A los pocos días del sismo, apareció en Cantaluna un arquitecto que ofreció vender a los condóminos un dictamen que les permitiría demandar a la empresa. Se trata de Pablo Gutiérrez Añorve, hijo del DRO que hizo la cuestionada memoria de cálculo. Les ofrecía dictámenes de 5 mil pesos por edificio a condición de que se organizaran para que él los hiciera todos. Su oferta: que él había hecho la memoria de cálculo (de la que la empresa se había apartado) y por tanto conocía cómo estaba todo en Cantaluna.

Este miércoles, un día después de que la coordinadora nacional de Protección Civil, Laura Velázquez Alzúa, visitó Cantaluna, llegó el personal especializado de esa dependencia. Antes de que comenzaran su trabajo, Gutiérrez Añorve se presentó con ellos. Les dijo que él con su padre había hecho la memoria de cálculo, y les ofreció que, para que no tuvieran que revisar por su cuenta todos los edificios, él les proporcionaría la información, que ya tenía disponible. Se ahorrarían así un buen trabajo.

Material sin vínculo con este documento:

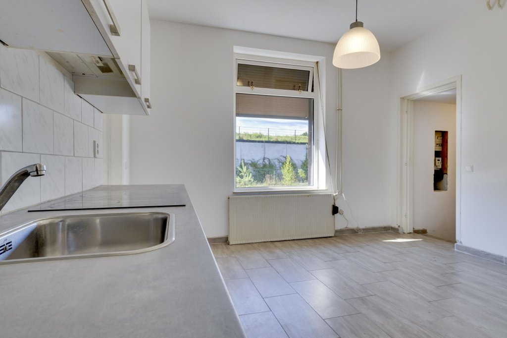 De aangrenzende keuken is voorzien van een eenvoudig keukenblok en tegelvloer.

Este caso, sin embargo, saca a la luz la forma de operar de estos personajes que deberían ser las personas con mayor estatura moral y profesional, pero que, en algunos casos, dejan mucho que desear. Cuando ocurrieron las inundaciones en la zona Diamante, se habló de llegar a fondo respecto a quiénes habían autorizado las licencias de construcción, pero nada se dijo de los directores responsables de obra, que levantaron las viviendas en zonas de humedales.

En el país, las cosas van cambiando poco a poco. El DRO que construyó el colegio Rebsamen, derrumbado por el sismo de 2017, que causó varias muertes, fue condenado a más de 100 años de prisión; y los bomberos que certificaron la idoneidad del local de la Guardería ABC, están sujetos a proceso.

Cuando un DRO ve que el constructor se aparta de lo que planteó en su memoria de cálculo, como en Cantaluna, está obligado legalmente a denunciarlo al municipio, para que se retire la licencia de construcción. No hacerlo es un delito. Pablo Gutiérrez Añorve no debería andar como coadyuvante de los especialistas del Sistema Nacional de Protección Civil, debería estar siendo imputado penalmente.